# Math Help - complex numbers

1. ## complex numbers

Hello,

I have the complex polynomial: $z^3+(3+i)z^2+(4-2i)z+(a-3i) = 0$

I need to determine the parameter a, so that the equation gets a real negative root.
I don't know any root of the polynomial, if i did it would have been easy.

Polynomial division?
Any ideas?

2. Substitute $z=-1$. You will see what $a$ must equal.

3. I do, care to elaborate on the science behind your methodology?

4. Originally Posted by Jones
I do, care to elaborate on the science behind your methodology?
There is no methodology here.
If $z=-1$ gives a zero result then $-1$ is negative root.
$\left( { - 1} \right)^3 + \left( {3 + i} \right)\left( { - 1} \right)^2 + \left( {4 - 2i}\right)\left( i \right) + \left( {a - 3i} \right) = 0$

Do you see what value of $a$ makes that true?

5. What Plato is saying is that this equation will have many different roots depending on what a is. And that you can make one root to be anything you want by choosing a correctly. In particular, to be sure that the equation has at least one real, negative, root, you can just choose z to be any real, negative, number you want.

for example, if you chose to make that root -2 instead of -1, you would have the equation $(2)^3+ (3+ i)(-2)^2+ (4- 2i)(-2)+ (a- 3i)= 0$ and solve that for a.

However, I see a difficulty with this. It is possible that the form (a- 3i) is supposed to indicate that a is a real number.

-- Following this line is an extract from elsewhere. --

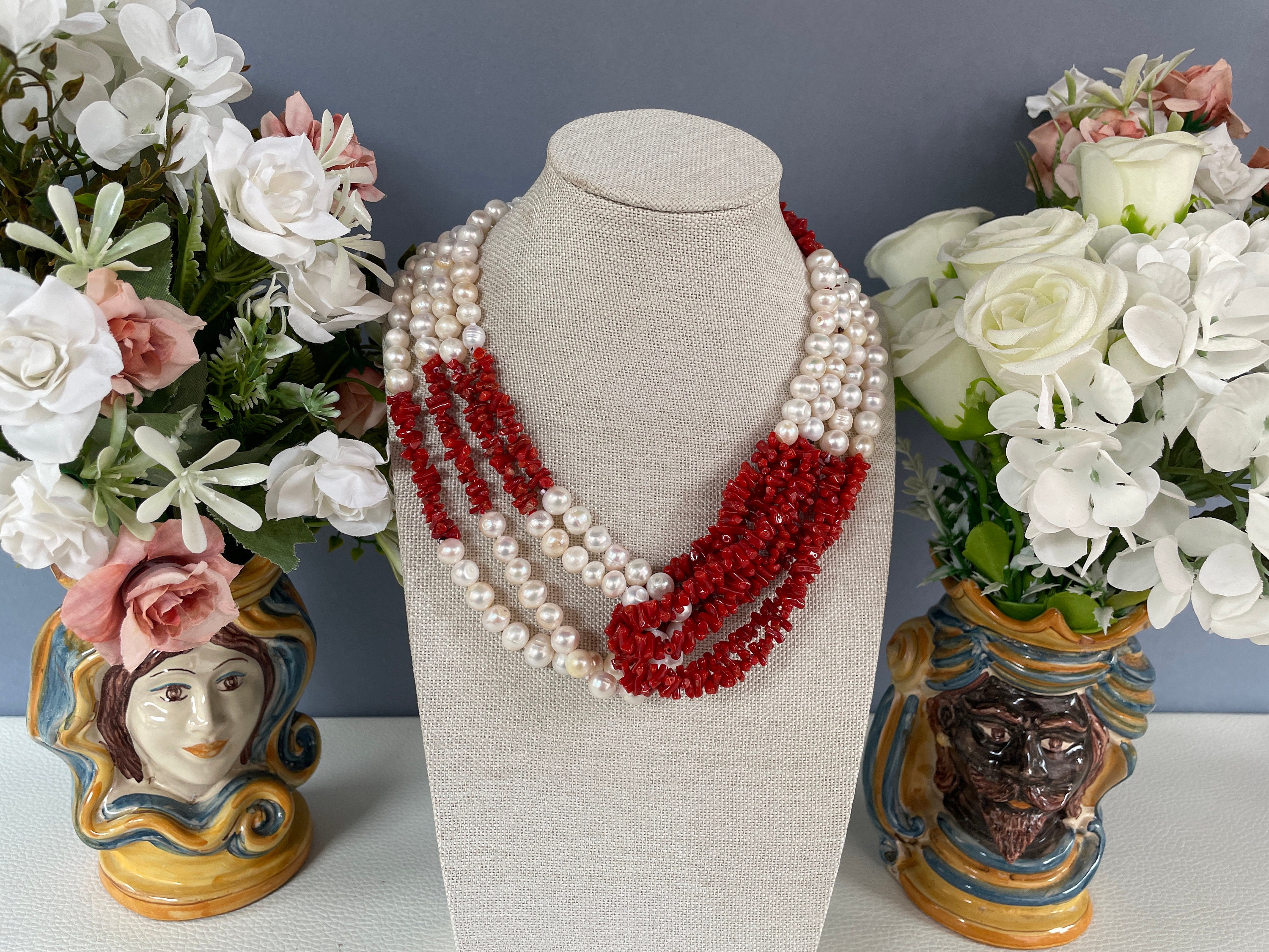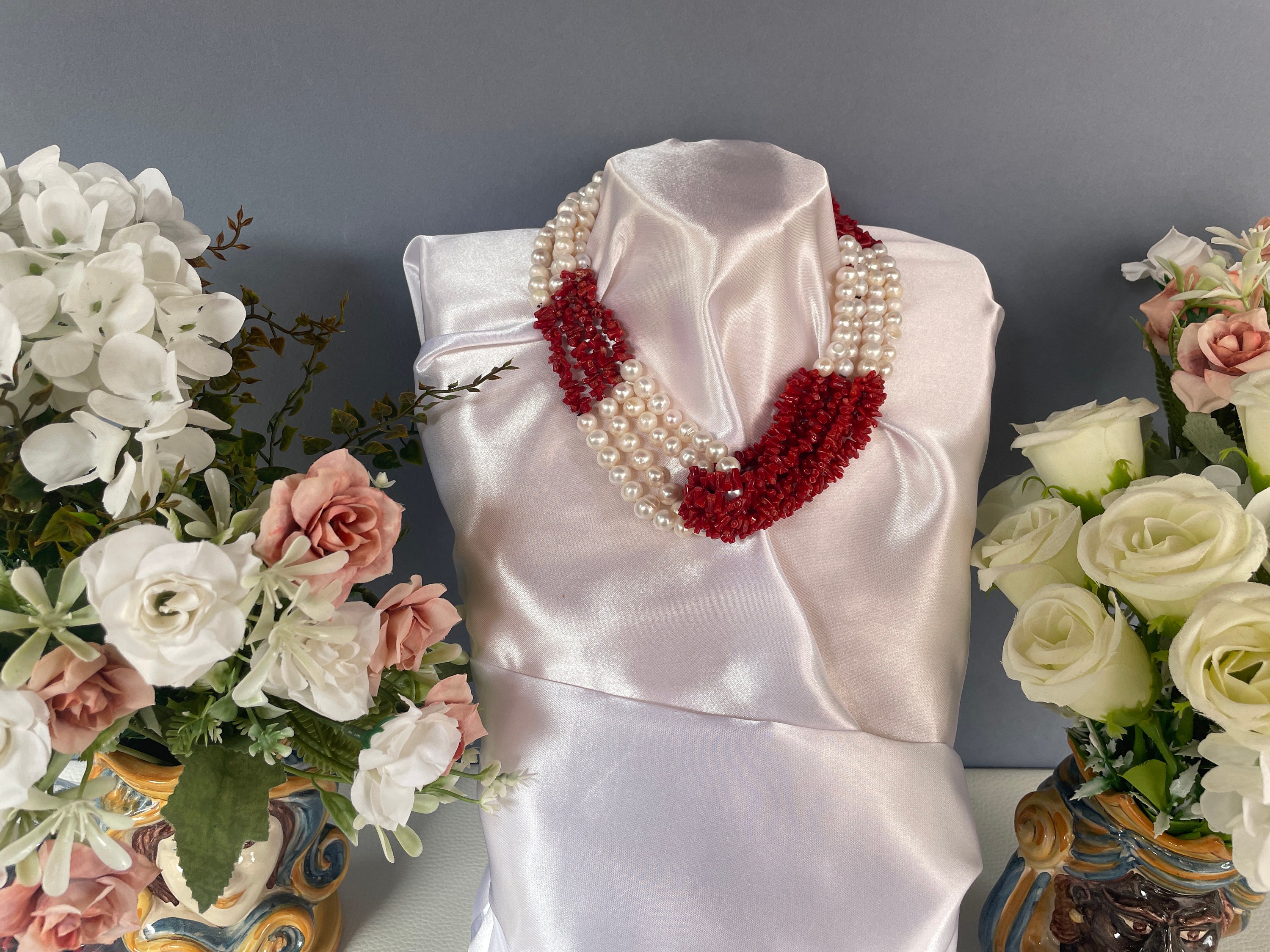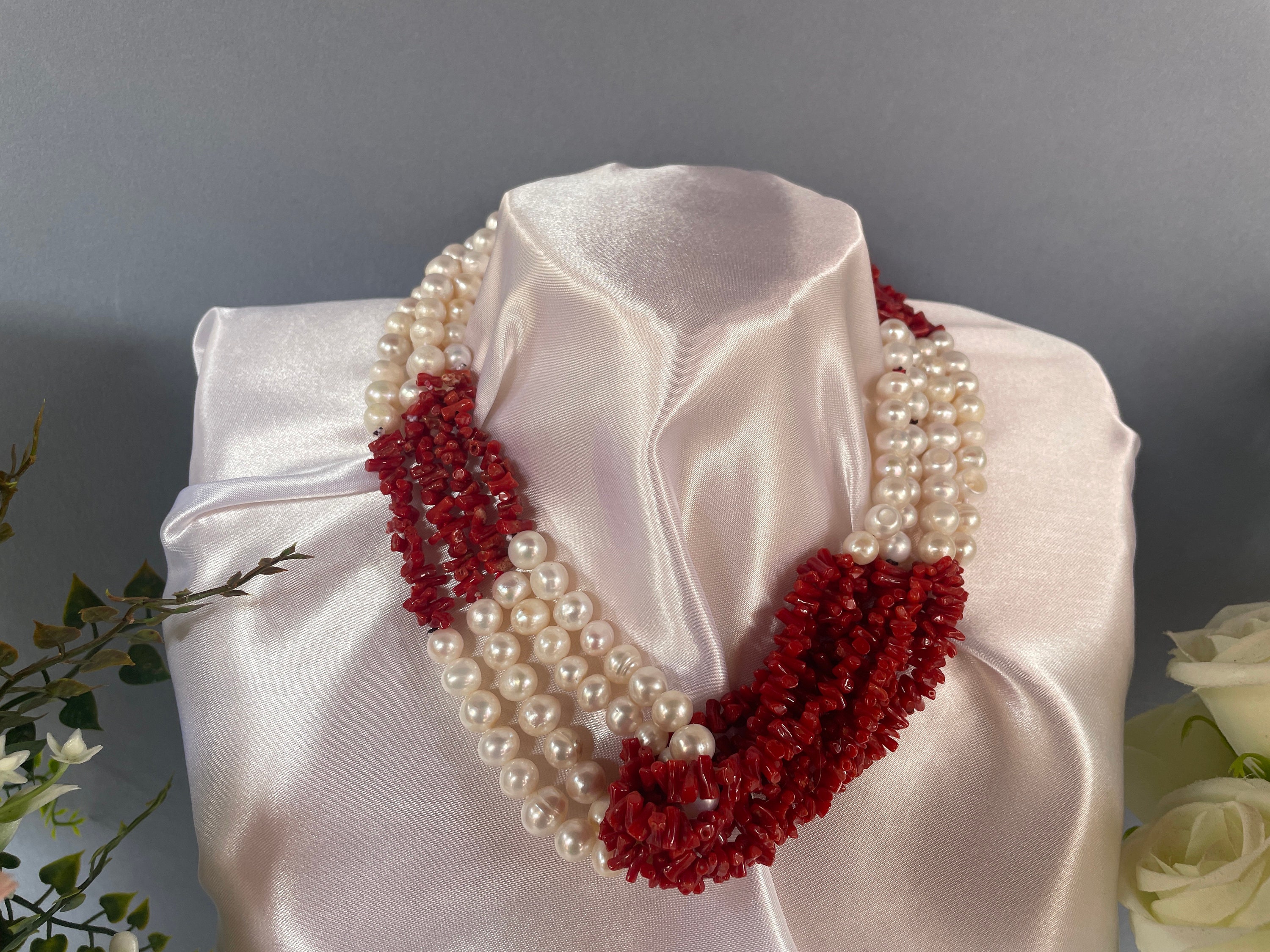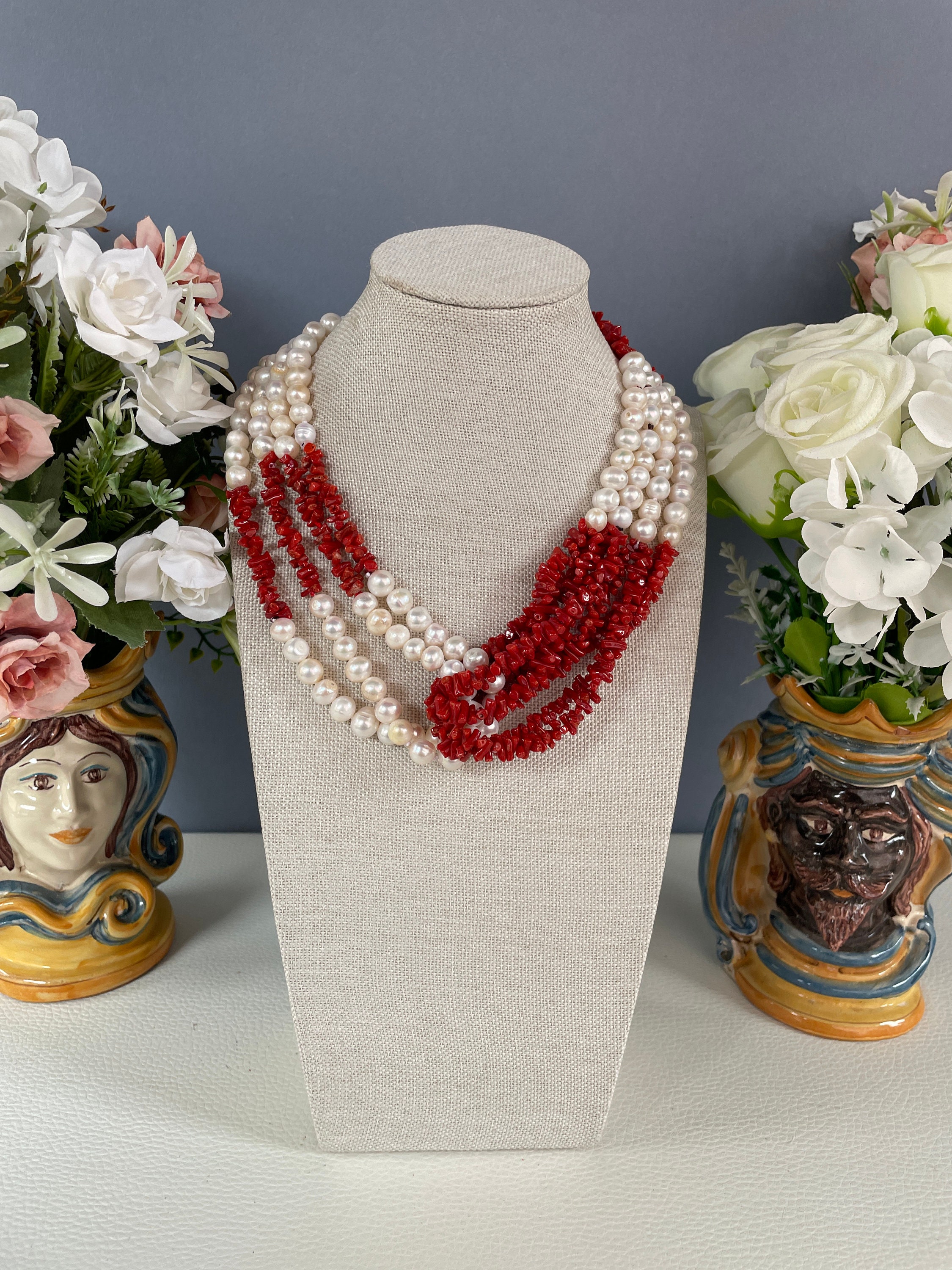 Realizzata con 4 fili di perle di fiume e 4 fili di chips di Corallo autentico del Mediterraneo che si abbracciano centralmente sul fronte.

If so, that should have been said, but if so then that makes the problem harder!

Assuming that a must be real, we can separate the equation into real and imaginary parts:
Real part: $z^3+ 3z^2+ 4z+ a= 0$
Imaginary part: $z^2- 2z- 3= 0$.
(I have used the fact that z is a real number in separating.)

Now you can solve that second, quadratic, equation for z and see what values of a allow a negative z that satifies both equations.

6. Originally Posted by Plato
There is no methodology here.
If $z=-1$ gives a zero result then $-1$ is negative root.
$\left( { - 1} \right)^3 + \left( {3 + i} \right)\left( { - 1} \right)^2 + \left( {4 - 2i}\right)\left( i \right) + \left( {a - 3i} \right) = 0$
Typographical error: That " $(4- 2i)(i)$" should be " $(4- 2i)(-1)$".

Do you see what value of $a$ makes that true?